PROBLEM STATEMENT: Please write out exactly, without any picture, each line from the first in the listing through the line that includes "Les arbres sont".

COLLECTED DATA:
========
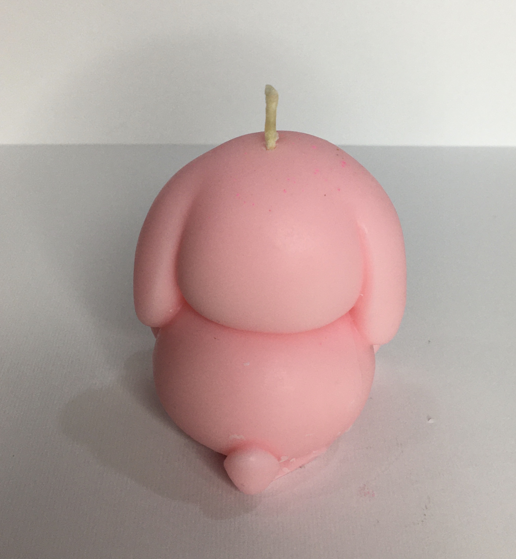 شمعی دست ساز با طراحی فانتزی و با مزه به شکل خرگوش توپلی ، مناسب برای دکوراسیون های خاص و هدیه ای متفاوت .
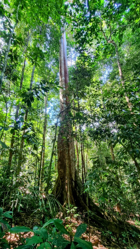 Les arbres sont majestueux, les plus grands tualangs dépassent les soixante mètres de hauteur, dominant de leurs troncs rectilignes toutes les autres espèces. Les fruitiers sauvages plus modestes, arbres à pain, goyaviers, manguiers et autres durians croisent dans les sous-bois des arbustes à fleurs tandis que les lianes épaisses et agiles s’efforcent de relier ces mondes dans un désordre inextricable. D’une esthétique imparable, les palmes de volumineux massifs se balancent au moindre courant d’air et, frivoles, créent un théâtre d’ombres et de lumières jouant avec un soleil qui peine à toucher le sol. On peut, dit-on, distinguer une centaine d’espèces sur un seul hectare et si la note dominante reste le vert, la palette de nuances de cette couleur est vertigineuse et propose au regard un remède contre l’ennui et la monotonie.
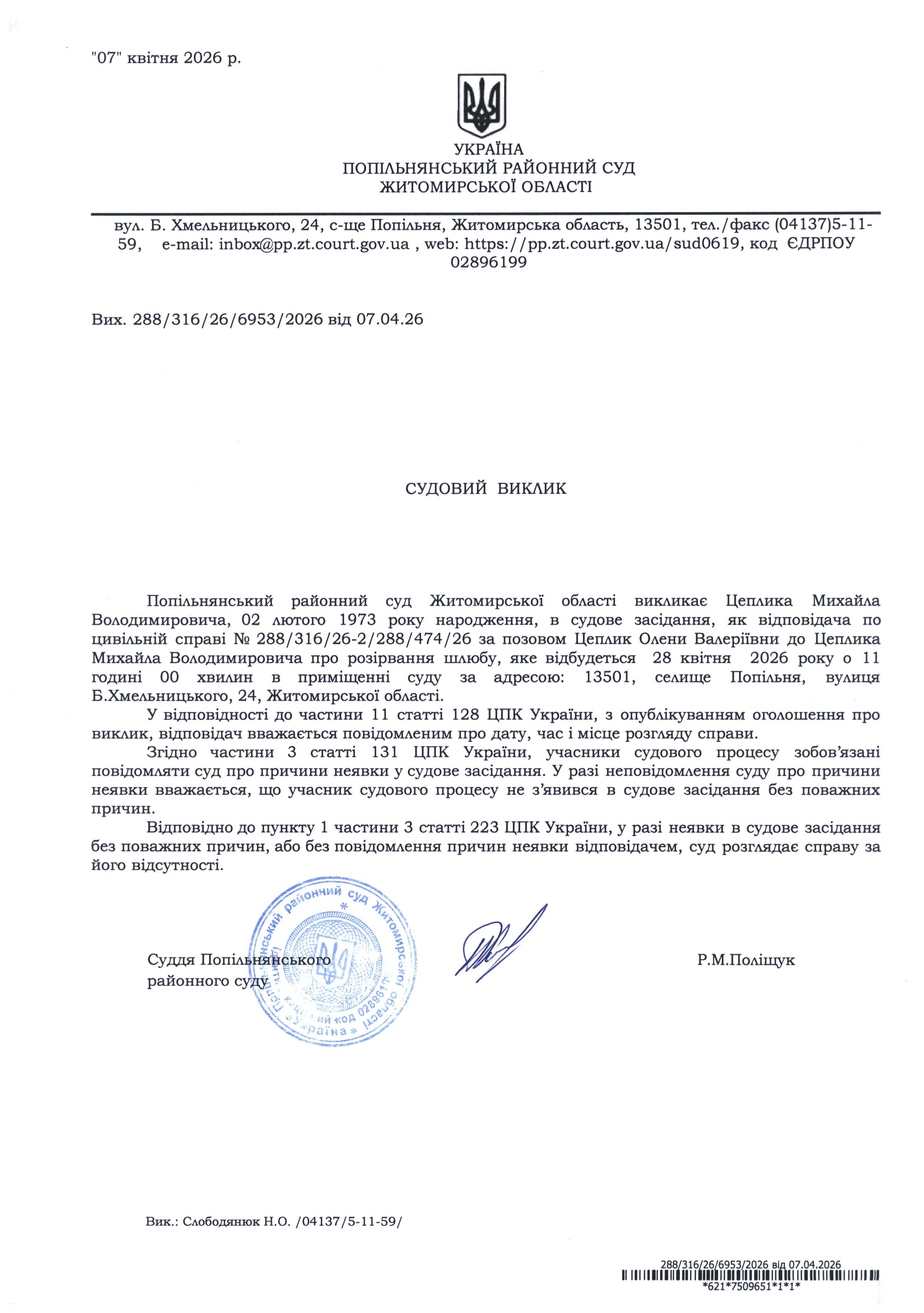 Оголошення про виклик до суду Цеплика Михайла Володимировича
========
WRITTEN RESPONSE:
 شمعی دست ساز با طراحی فانتزی و با مزه به شکل خرگوش توپلی ، مناسب برای دکوراسیون های خاص و هدیه ای متفاوت .
 Les arbres sont majestueux, les plus grands tualangs dépassent les soixante mètres de hauteur, dominant de leurs troncs rectilignes toutes les autres espèces. Les fruitiers sauvages plus modestes, arbres à pain, goyaviers, manguiers et autres durians croisent dans les sous-bois des arbustes à fleurs tandis que les lianes épaisses et agiles s’efforcent de relier ces mondes dans un désordre inextricable. D’une esthétique imparable, les palmes de volumineux massifs se balancent au moindre courant d’air et, frivoles, créent un théâtre d’ombres et de lumières jouant avec un soleil qui peine à toucher le sol. On peut, dit-on, distinguer une centaine d’espèces sur un seul hectare et si la note dominante reste le vert, la palette de nuances de cette couleur est vertigineuse et propose au regard un remède contre l’ennui et la monotonie.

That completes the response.